La donna comunque parla attraverso i capelli, in un gioco complesso di velatura e disvelamento che fa oscillare il messaggio dalla seduzione alla ostentazione di castità e virtù. Prototipo della pericolosità della donna, coi suoi capelli svelati, è Eva, ma anche Maria Maddalena (ancora ad Esine, tra le Sante, lei è l’unica coi capelli sciolti, visibili sulle spalle, indicatori, poiché coronati da una ghirlanda di rose, del suo percorso di ravvedimento).
Il colore dà un giudizio, dunque, ma talvolta la semantica è ambigua e solo il confronto tra molteplici immagini consente all’autrice di tessere le fila di una mappa tanto ricca quanto complessa.
Un giudizio lo esprime, poi, anche lo stato della capigliatura: buona cosa curarsi i capelli, lavarli e spidocchiarli, ma l’eccessiva cura diventa indice di vanità, così come i capelli posticci che vorrebbero rimediare alla calvizie.

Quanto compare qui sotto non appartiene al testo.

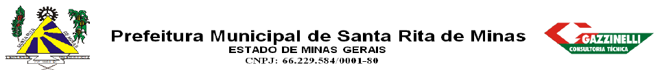 Edital resumido do Concurso Públiconº001/2023 – pág. 1/1 EDITAL RESUMIDO DO CONCURSO PÚBLICO Nº 001/2023 O Prefeito Municipal de Santa Rita de Minas - MG, no uso de suas atribuições legais,especialmente as conferidas pela Lei Orgânica Municipal, TORNA PÚBLICO que estarão abertas, no período de12 de janeiro a 10 de fevereiro de 2024, as inscrições para o CONCURSO PÚBLICOde provas objetivas, prova prática e provas de títulos para provimento efetivo de vagas existentes no quadro de pessoal a ser regido em conformidade ao previsto na Lei Orgânica Municipal e suas alterações posteriores; Lei Municipal nº 382/2012 e suas alterações posteriores; Lei Municipal nº 384/2012 e suas alterações posteriores; Lei Municipal nº 404/2013 e suas alterações posteriores; Lei Municipal nº 460/2017 e suas alterações posteriores; Lei Municipal nº 554/2022 e suas alterações posteriores; Lei Municipal nº 564/2022 e suas alterações posteriores; Lei Municipal nº 581/2022 e suas alterações posteriores; Lei Federal nº 11.350/2006 e suas alterações posteriores; Lei Federal nº 13.595/2018 e suas alterações posteriores; e demais legislações aplicáveis à espécie. Os interessados poderão obter mais informações a partir do dia 12 de dezembro de 2023 através do site: www.gazzinelliconsultoria.com.br ouno dia 12 de janeiro de 2024no local de realização das inscrições presenciais. A partir desta data todas as publicações e informações sobre o Concurso Público do Edital nº 001/2023 serão publicados no quadro de avisos da Prefeitura Municipal de Santa Rita de Minas e disponível na íntegra no site: www.gazzinelliconsultoria.com.br Prefeitura Municipal de Santa Rita de Minas -MG, 04 de dezembro de 2023. (original assinado) Ademilson Lucas Fernandes Prefeito do Município de Santa Rita de Minas

Le Sibille dipinte nel sottarco della chiesa di Santa Maria Annunciata a Bienno, da Giovan Pietro da Cemmo, abbigliate al presente (fine Quattrocento) documentano la moda corrente in tema di acconciature. Ma in genere, secondo i commentatori cristiani, la bellezza, anche della chioma, è inversamente proporzionale alla virtù, ed induce alla lussuria.
D’altra parte la vanità è anche maschile, antitetica, spesso, alla virilità, oltre che alla santità.
Eppure, capelli irsuti, e orribili, spettano prevalentemente a demoni e dannati, nonché alla personificazione dei vizi. In Santa Maria in Silvis a Pisogne, ancora Giovan Pietro da Cemmo affresca un gruppo di risorti con crani spogli, teste da cui spuntano radi peli e poi teste compiute ornate da belle chiome, come fasi di una progressiva ricomposizione e ritrovata dignità dei corpi .
Quindi vengono i gesti: disciogliersi o raccogliersi i capelli sono azioni che si associano rispettivamente al tema del dolore, quasi “urlo visivo”, e della compostezza, della disperazione o della fiducia, del lutto o della serenità.
Che dire poi del taglio dei capelli? Nel maschio assunse sempre valore altamente simbolico, ma oscillante tra l’ignominia e la gloria; così la tonsura, che disconosceva un erede al trono, oppure, cristianamente, sanciva un percorso di fede in un ordine monastico. Tra le donne, la scelta di tagliarsi i capelli come un maschio volle talvolta indicare l’adesione a valori virili, la rivendicazione d’indipendenza, la volontà di emancipazione dagli stereotipi del ruolo di moglie e madre; ma anche per loro, se non è una libera scelta, è senz’altro meccanismo di umiliazione.
Accapigliarsi e azzuffarsi, poi, sono modalità che prevedono un ruolo fondamentale della capigliatura: afferrata, strattonata, strappata, per gli uomini come per le donne, in caso di feroci torture e supplizi (si veda la sorte di Santa Giulia, come dipinta da Floriano Ferramola in Santa Maria in Solario a Brescia (1520): appesa per i capelli per subire poi lo strazio dei seni).
E comunque la violenza di genere a danno delle donne vide sempre nella presa per i capelli uno strumento formidabile.
Il percorso di questo accurato studio, che attraversa il medioevo, non senza rimandi ad altre epoche, si chiude inaspettatamente su alcuni riferimenti all’arte contemporanea, che utilizza i capelli in alcune performance o installazioni: quelle di Mona Hatoum nel suo Traffic (2005), dove i capelli legano valigie di migranti, o di Mandana Moghaddam, con le lunghe trecce che reggono un blocco di cemento in Chelgis II (2005), espressione della forza delle donne.
Nella conclusione Zallot ci ricorda che “le donne medievali donavano all’amato una ciocca dei propri [capelli] (…).Oggi altre donne ne offrono il taglio alle sfortunate che li hanno perduti per malattia o per curarla, rendendo accessibili le (altrimenti costose) parrucche a coloro che non potrebbero acquistarle” .
Una bella pagina di Storia, questa, non per nulla al femminile.